Figures from Santé Québec show that from May 9 to June 15, just over 30,000 system tickets were received; 85 per cent were resolved, and none are pending resolution. Among the tickets considered high priority, 98 per cent were resolved. Another highlight is that records for 687 births were entered into the DSN.

“It’s still very demanding for doctors and the medical team, but we’re making progress,” said Carrier.

He admits that there are still several issues for doctors. “There are process-related challenges. We’ve discussed medication reconciliation, […] the list of consultations, how to ensure there are no omissions or delays on that front, and how to make triage easier. We’re working on it,” he said.

The admission and discharge processes are also challenging. “This is important because it’s what will make the processes run smoothly and speed them up. There are human-machine interaction issues that we’re discovering as we go along,” continues the hematologist-oncologist.

He believes that the challenges for patients who have never interacted with the DSN during a visit will remain “for quite some time.” For these patients, staff must enter all sorts of information, such as weight, height, allergies, medication history, and their full medical history. “It’s clear that right now, for a patient who is already known to us but is coming in for their first visit in the DSN, it’s going to take much longer,” emphasizes Carrier.

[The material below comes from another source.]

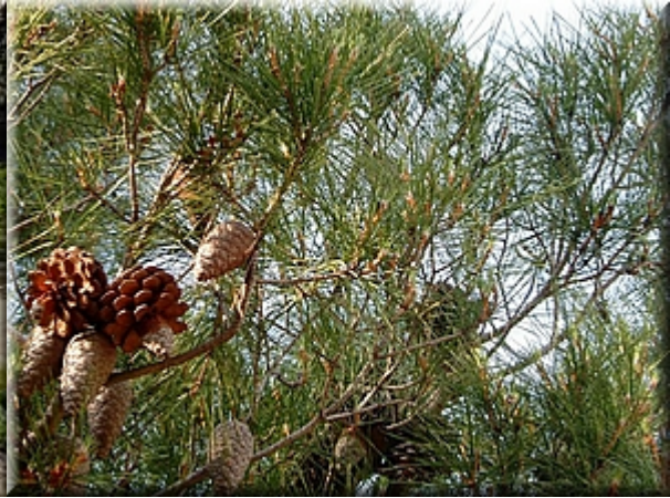
Borovice přímořská ( Pinus pinaster )

There is good news, however, regarding surgeries that had to be postponed: the backlog is being cleared. “In surgery, we were able to resume our usual volume ahead of the target date,” said Adélaïde de Melo, president and CEO of Santé Québec Nord-de-l’Île-de-Montréal, adding that the plan to resume operations was being followed for virtually all activities.

For outpatient clinics, there has been a slowdown in scheduling patient appointments in the two regions where the DSN is serving as a showcase project. “Currently, our focus is on outpatient clinics because the electronic conversion of data may not have been as smooth as we would have liked,” said de Melo.

She did not provide a specific target for restoring appointment volumes to pre-DSN levels, but she hopes to reach 100 per cent capacity as early as next week.

It is incorrect to say that things have almost returned to normal, according to the Alliance of Professional and Technical Staff in Health and Social Services (APTS), which represents about 100 different job types within the network, such as social workers, medical imaging technicians, occupational therapists, physical therapists, and others.

“The main message, honestly, is the employer’s lack of realism,” protests Véronique Neth, APTS national representative for Mauricie and Centre-du-Québec. “We understand that they want to strike a positive tone regarding the DSN, […] but no one I’ve spoken to has told me, ‘I’m able to get back to the pace I had before the DSN was implemented.’ So this gap between what the employer says and what’s actually happening on the ground is still quite significant.”

According to what employees have told Neth, filling out paperwork in the new computer system is time-consuming, not intuitive, and staff often get stuck. For example, filling out a home support assessment form used to take about 45 minutes, whereas it now takes around four hours.

Teresa Muccari, APTS national representative for North Island of Montreal, points out that frequent changes to the system make it difficult to get the hang of the tool.

“Santé Québec’s statement trivializes the experiences of people who use [the DSN]. Our members tell us that it’s a huge mess and that there’s a great deal of distress. It trivializes all of that and also trivializes the impact it has on users—users who haven’t received meal assistance services, for example,” explains Muccari. She notes that in North Island of Montreal, some professionals are considering working in another region where the DSN has not yet been implemented.